Conventional prosthetic rehabilitation of cleft lip and palate patients: our experience

  • Piero Papi
  • Rita Giardino
  • Alessandro Silvestri
  • Stefano Di Carlo
  • Piero Cascone
  • Giorgio Pompa
Keywords: Cleft lip and palate, Prosthetic rehabilitation, Removable partial dentures, Fixed partial dentures, congenital malformation


Background: The ideal prosthetic treatment for patients with cleft lip and palate begins with closure of the cleft area via bone graft followed by an orthodontic treatment. When this is not possible, there are many prosthetic options, which can be implemented on a case-by-case basis. Conventional prosthetic treatment includes both removable partial dentures (RPDs) and fixed partial dentures (FPDs). The aim of this study is to present our experience in managing cleft lip and palate patients with conventional prosthetic treatments.
Materials and Methods: Thirty-eight patients were enrolled in this study, 22 female (57,89%) and 16 male (42,11%) with a mean age of 32,93±7,04 years (age range 22-55), they were all treated for cleft lip and palate and rehabilitated with conventional prostheses. The dental prostheses used, were realized in an interval of time between 2007 and 2013. Removable partial dentures (RPDs) were provided to 10 subjects, while twenty-eight received fixed partial dentures (FPDs) with dental bridges.
Results: The Prosthetic rehabilitation of cleft lip and palate patients is directly related to the dysfunctions and alterations determined by their malformation. Re-establishing aesthetics, phonetics and function are the primary goals of oral rehabilitation. Different prosthetic options, depending on dental, periodontal and bone condition can be used to achieve a proper restoration. Removable partial dentures (RPDs) are usually recommended over fixed or implant-supported dentures in patients presenting tissue deficiency, soft palate dysfunction, numerous palatal fistulas and high risk of hypernasal speech.
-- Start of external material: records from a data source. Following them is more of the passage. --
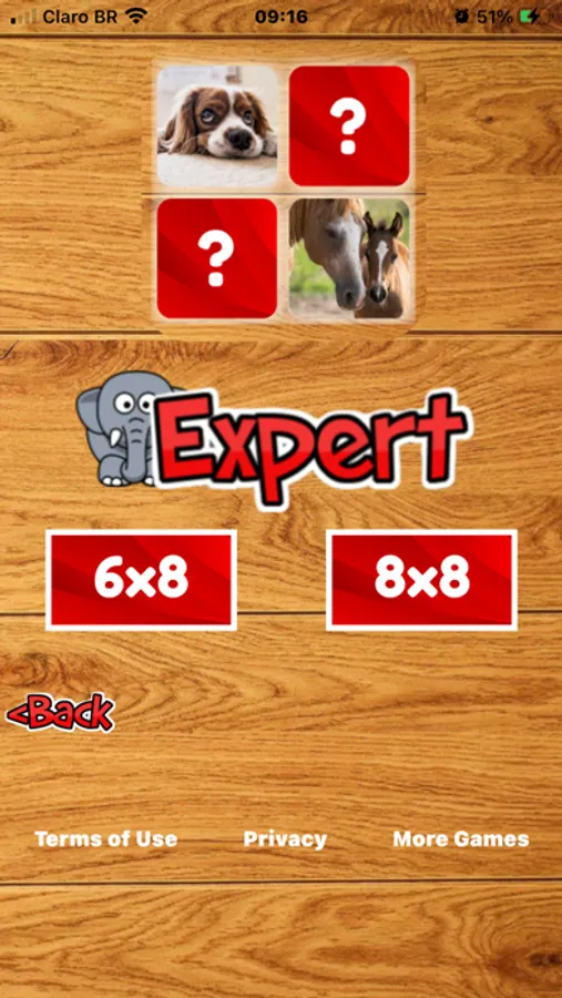 Train in a fun way and stimulate your brain with the game cards by finding the pairs of animals.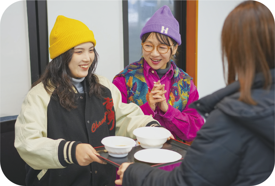 受付ブースにて300円(税込)の基本セット(ごはん+味噌汁)を購入する。購入いただいた方には、オリジナルステッカープレゼント!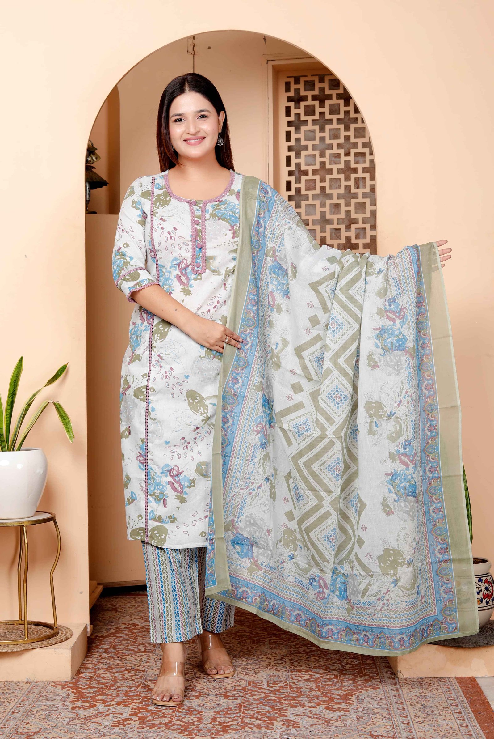 "Pastel Dream Handblock Printed Cotton Suit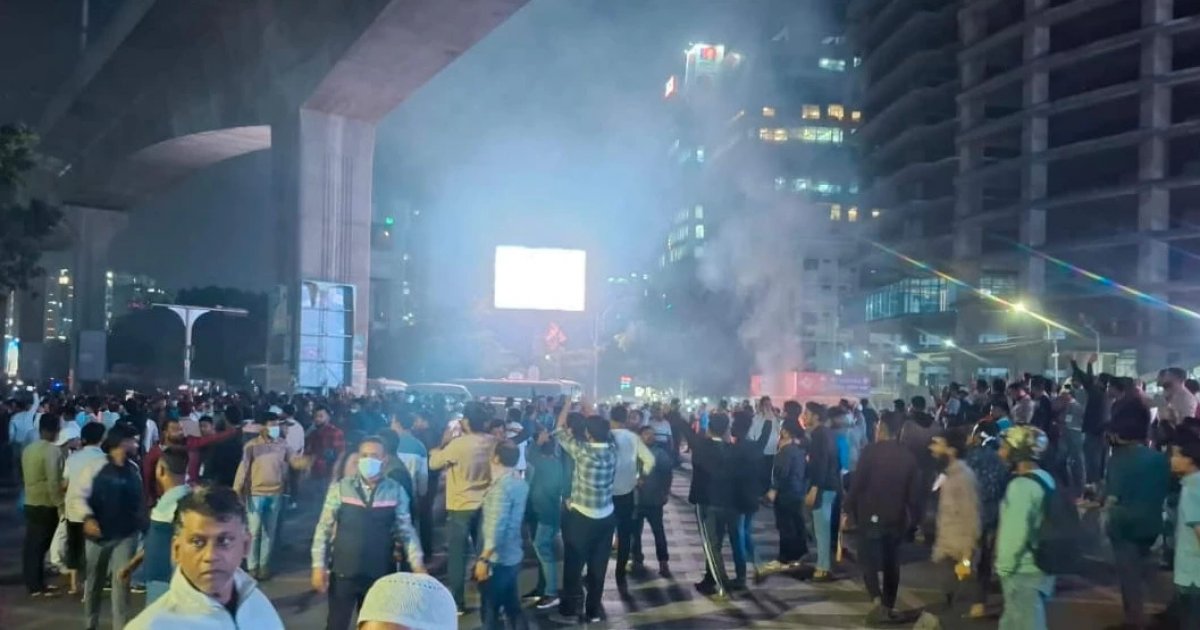 Witnesses said the protesting traders gathered at the Karwan Bazar roundabout shortly after evening and began protesting by setting fire on the road.
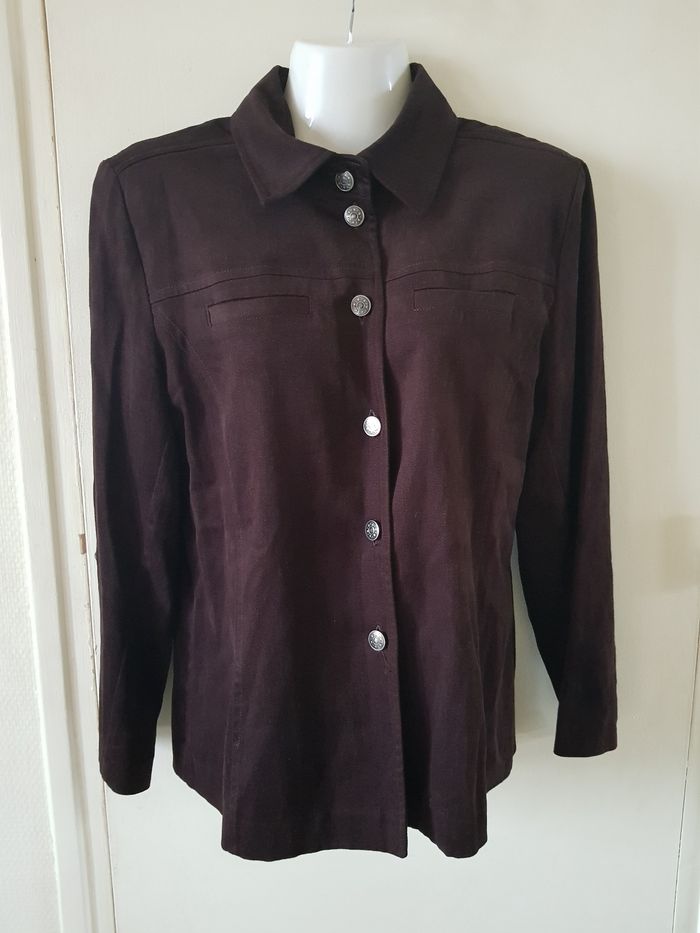 Chemise à manches longues, coupe droite, coloris marron foncé. Boutonnage sur le devant, style élégant et intemporel. Très bon état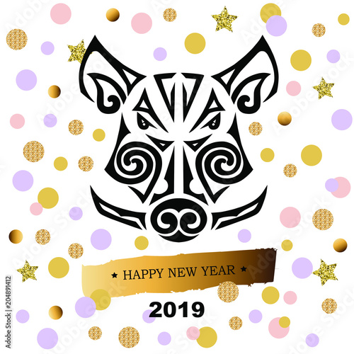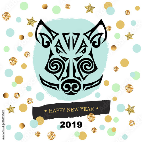 2019 New Year Card With Pig Or Boar S Head Template For Party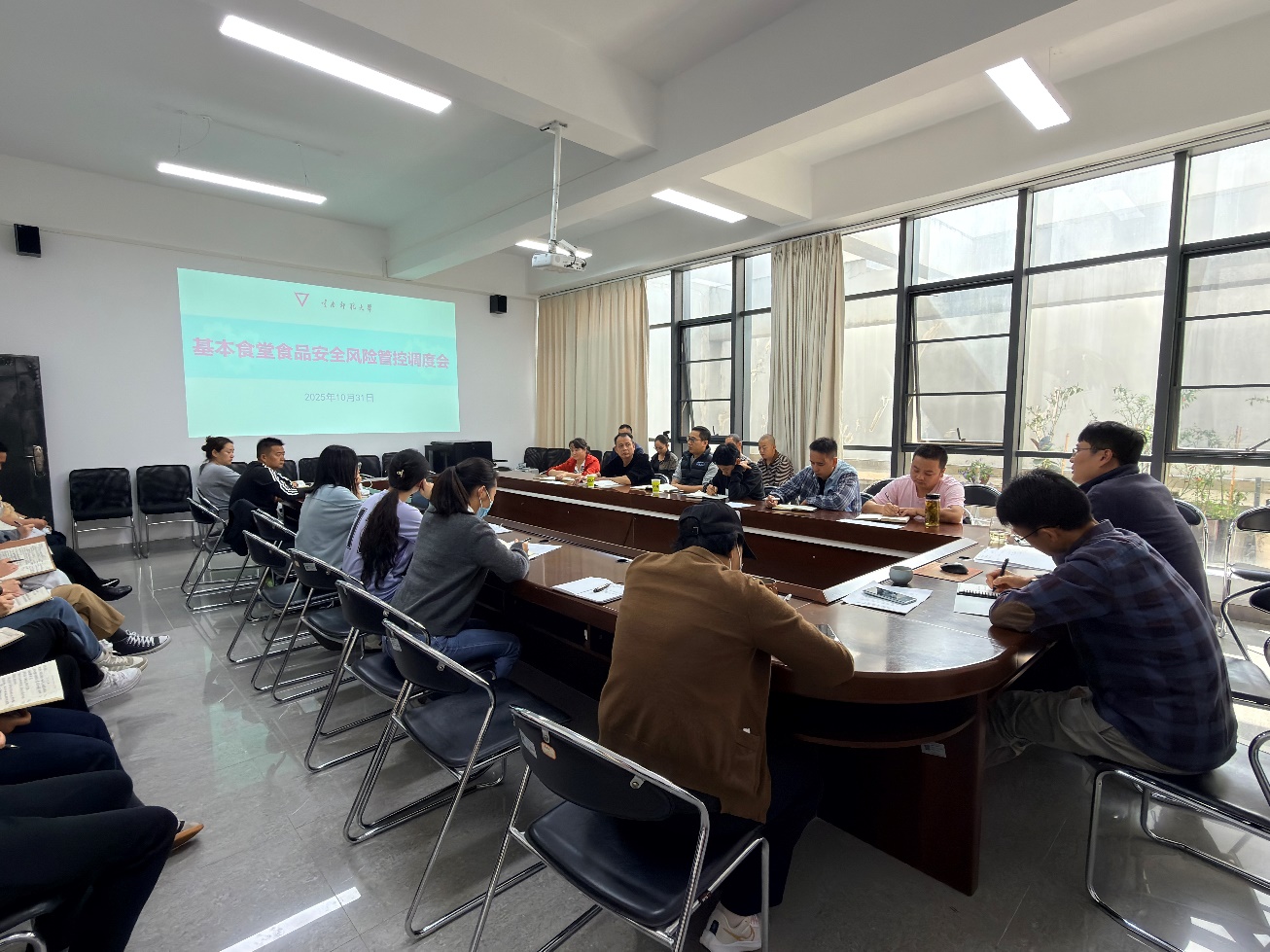 10月31日下午,后勤保障服务中心组织召开2025年10月食品安全风险管控调度会。全校基本食堂食品安全总监、食品安全主管、食品安全员、食堂保管员参加了会议,会议由食品安全主管刘兰飞主持。
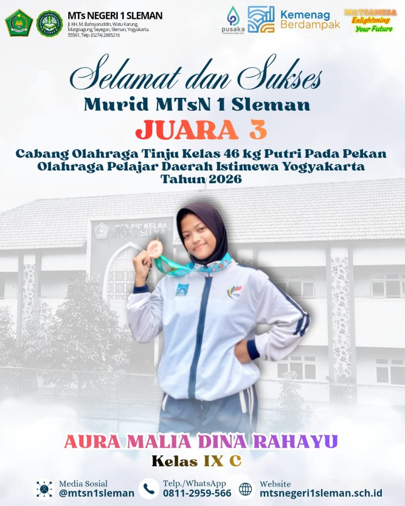Berikut ini adalah prestasi murid MTsN 1 Sleman bulan Januari-Maret 2026.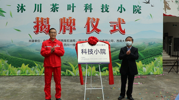 中石化西南油气分公司党委副书记曾德超,县人大常委会主任胥大齐共同为“四川沐川茶叶科技小院”揭牌。
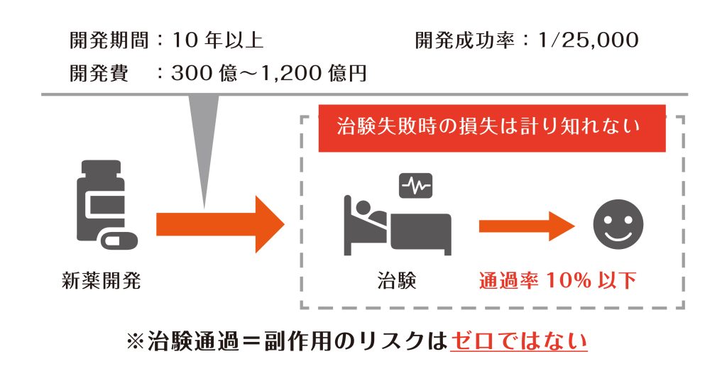 つまり、治験通過率を向上させることができ、莫大な研究開発費の損失を防ぐことができます。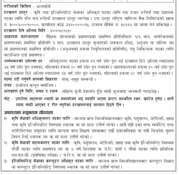 बुटवल, २७ भाद्रः भूमि व्यवस्था, कृषि तथा सहकारी मन्त्रालय, प्रदेश नं. ५ सरकार बुटवलले प्रदेश भित्रका एक स्थानीय तहका लागि एक जना गरी जम्मा १०९ जना कृषि/पशुसेवाका अधिकृत तथा मन्त्रालय र मातहतका कार्यालयहरूमा ६८ जना कृषि सेवाका अधिकृत तथा सहायक जनशक्ति सेवा करारमा नियुक्त गर्ने सम्बन्धि सूचना आजकाे गाेरखापत्र राष्ट्रिय दैनिकमा प्रकाशन भएको छ ।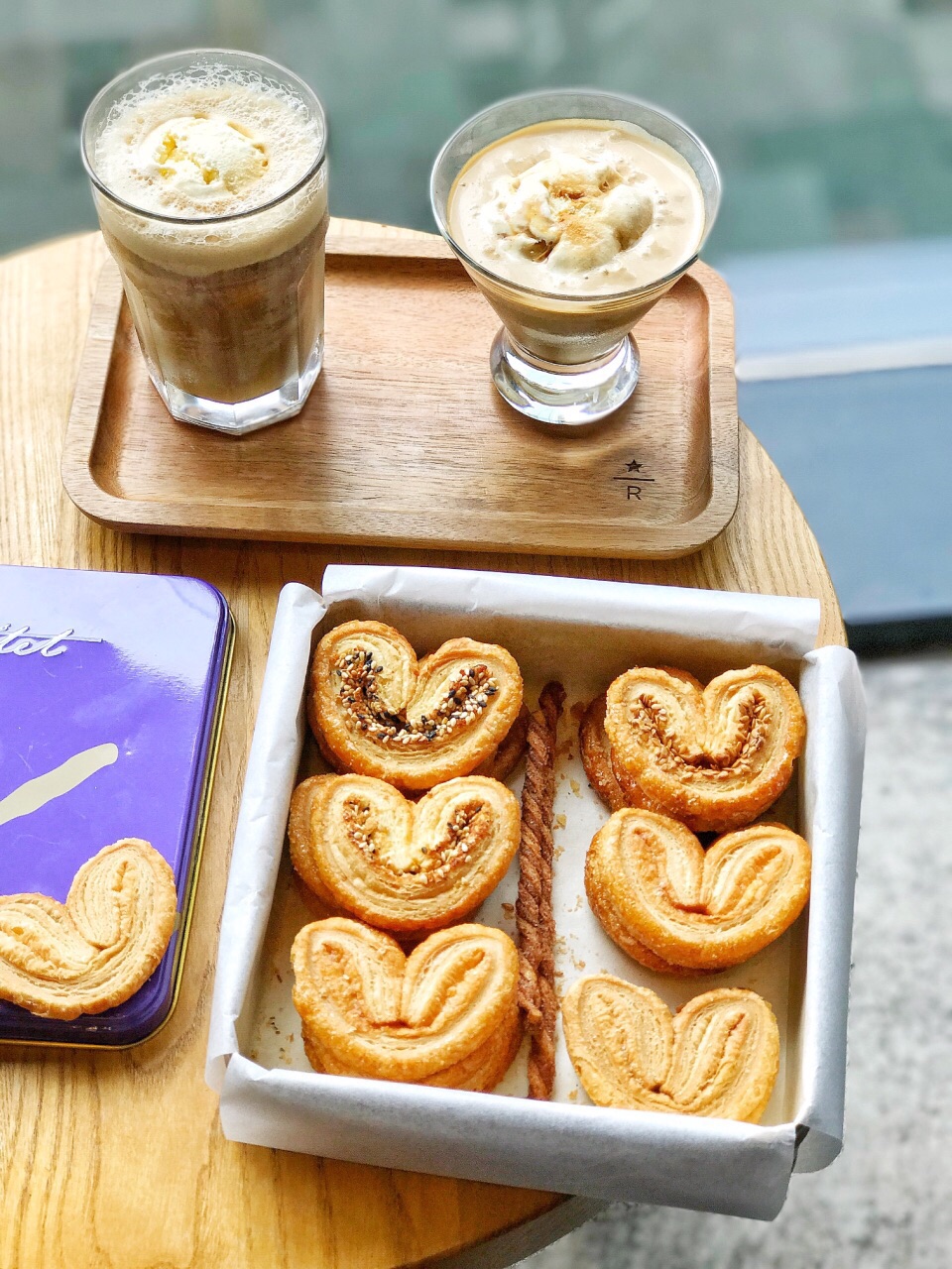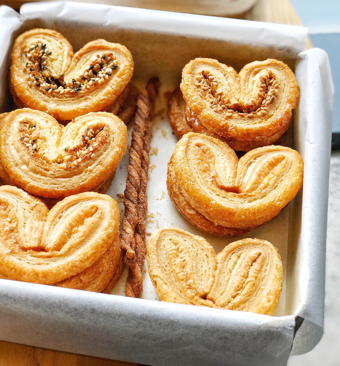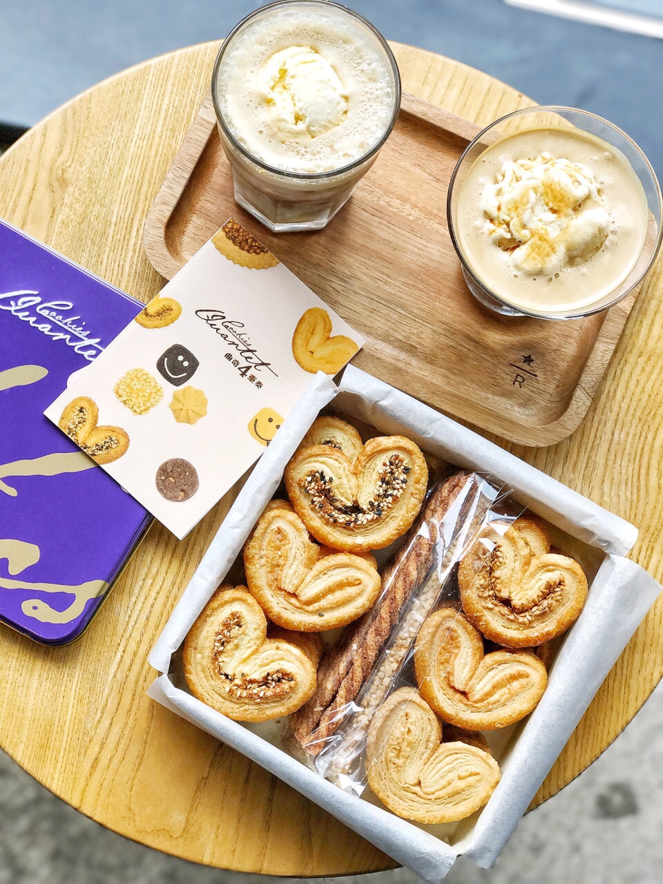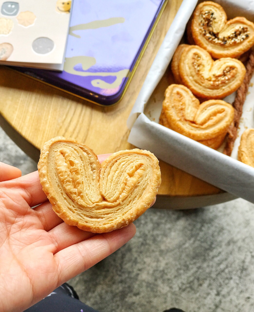 因为朋友圈有人po了这家的蝴蝶酥,是原味款的那一盒。 哈哈,小亚本身就喜欢蝴蝶酥,所以就立马被种草了,果断找了翟先生,让他下次回成都的时候,顺便带一盒回来尝尝。 虽然这家的曲奇也很有名,但是考虑到自己并不是很喜欢曲奇,所以选了颜值更高的蝴蝶酥礼盒。 还是选的口味最丰富的杂锦蝴蝶酥礼盒。 【杂锦蝴蝶酥礼盒】188元港币 小铁盒做得很精致,外观设计也比较高档的样子。实话说,我一直觉得小熊曲奇的铁盒图案看起来很low,很像地摊货。哈哈! 礼盒包含4款口味的蝴蝶酥和2款酥条。 “原味蝴蝶酥”:蝴蝶酥的酥皮做得很好,层次很薄很分明,色泽金黄均匀,黄油味浓; “亚麻籽蝴蝶酥”:其他口味的蝴蝶酥,其实就是原味蝴蝶酥中间加了点不同配料而已,在味道上差别并不大。这个就是原味中间有点亚麻籽颗粒而已; “黑白芝麻蝴蝶酥”:因为有了黑白芝麻,这款蝴蝶酥会更香一点,黑白芝麻的味道: “椰丝芝麻蝴蝶酥”:有椰丝和白芝麻,喜欢椰丝的味道,可惜太淡了,基本上不明显。 【玉桂酥条】酥皮和榛子颗粒搓长条,蘸上肉桂粉,自己可以想象的味道。 【杏仁酥条】杏仁颗粒很多,所以格外的香脆,只有几根不够吃哦。 恩。说不上惊艳,但是算是好吃的。价格略贵!

Fixed partial dentures (FPDs) represent a good option for prosthetic rehabilitation, especially when alveolar bone grafts fail and implant placement is not possible.
Conclusions: according to our experience, nowadays, dental implant placement is the gold standard for prosthetic treatment of cleft lip and palate patients. However, when implant treatment is not feasible, conventional prosthetic rehabilitation represents still a valuable option and leads to a proper restoration.